** Opening Task material block **

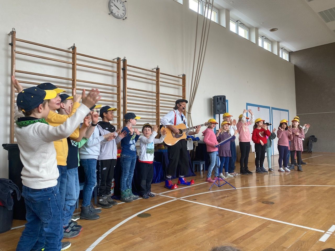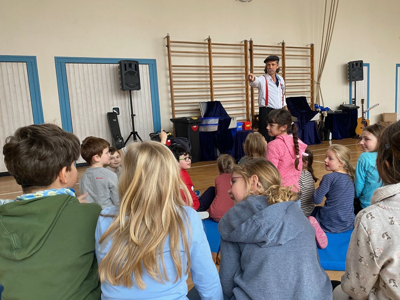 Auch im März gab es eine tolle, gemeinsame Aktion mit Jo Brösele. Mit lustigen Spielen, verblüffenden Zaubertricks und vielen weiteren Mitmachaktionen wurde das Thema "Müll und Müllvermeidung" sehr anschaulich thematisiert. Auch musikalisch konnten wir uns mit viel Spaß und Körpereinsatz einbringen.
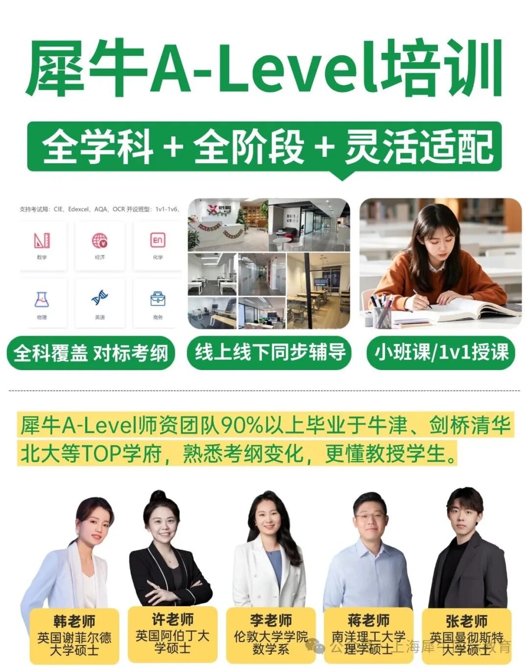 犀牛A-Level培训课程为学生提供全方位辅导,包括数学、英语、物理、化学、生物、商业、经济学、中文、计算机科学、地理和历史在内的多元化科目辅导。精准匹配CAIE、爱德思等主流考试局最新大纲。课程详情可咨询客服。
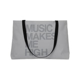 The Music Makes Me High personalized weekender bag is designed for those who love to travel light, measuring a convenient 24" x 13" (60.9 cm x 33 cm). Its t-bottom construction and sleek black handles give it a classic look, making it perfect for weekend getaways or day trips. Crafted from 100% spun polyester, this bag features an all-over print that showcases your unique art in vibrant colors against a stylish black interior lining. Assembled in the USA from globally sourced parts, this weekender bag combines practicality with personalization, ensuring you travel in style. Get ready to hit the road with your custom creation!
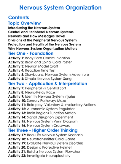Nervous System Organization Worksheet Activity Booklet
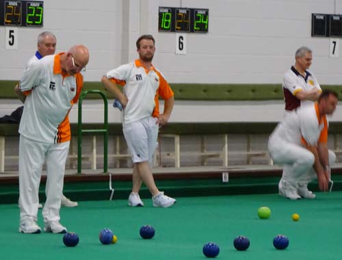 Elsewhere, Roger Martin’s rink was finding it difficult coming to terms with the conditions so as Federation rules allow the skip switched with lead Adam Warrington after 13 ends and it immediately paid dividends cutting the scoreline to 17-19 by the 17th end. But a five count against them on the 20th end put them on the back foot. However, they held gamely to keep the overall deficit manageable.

** Closing Task material block **

◆ **Task objective**
Return exactly, and only, the lines that run from the line containing "Nervous System Organization" to the last line of the entries above, both ends included, with pictures left out.

◆ **Exercise result**
Nervous System Organization Worksheet Activity Booklet
 Elsewhere, Roger Martin’s rink was finding it difficult coming to terms with the conditions so as Federation rules allow the skip switched with lead Adam Warrington after 13 ends and it immediately paid dividends cutting the scoreline to 17-19 by the 17th end. But a five count against them on the 20th end put them on the back foot. However, they held gamely to keep the overall deficit manageable.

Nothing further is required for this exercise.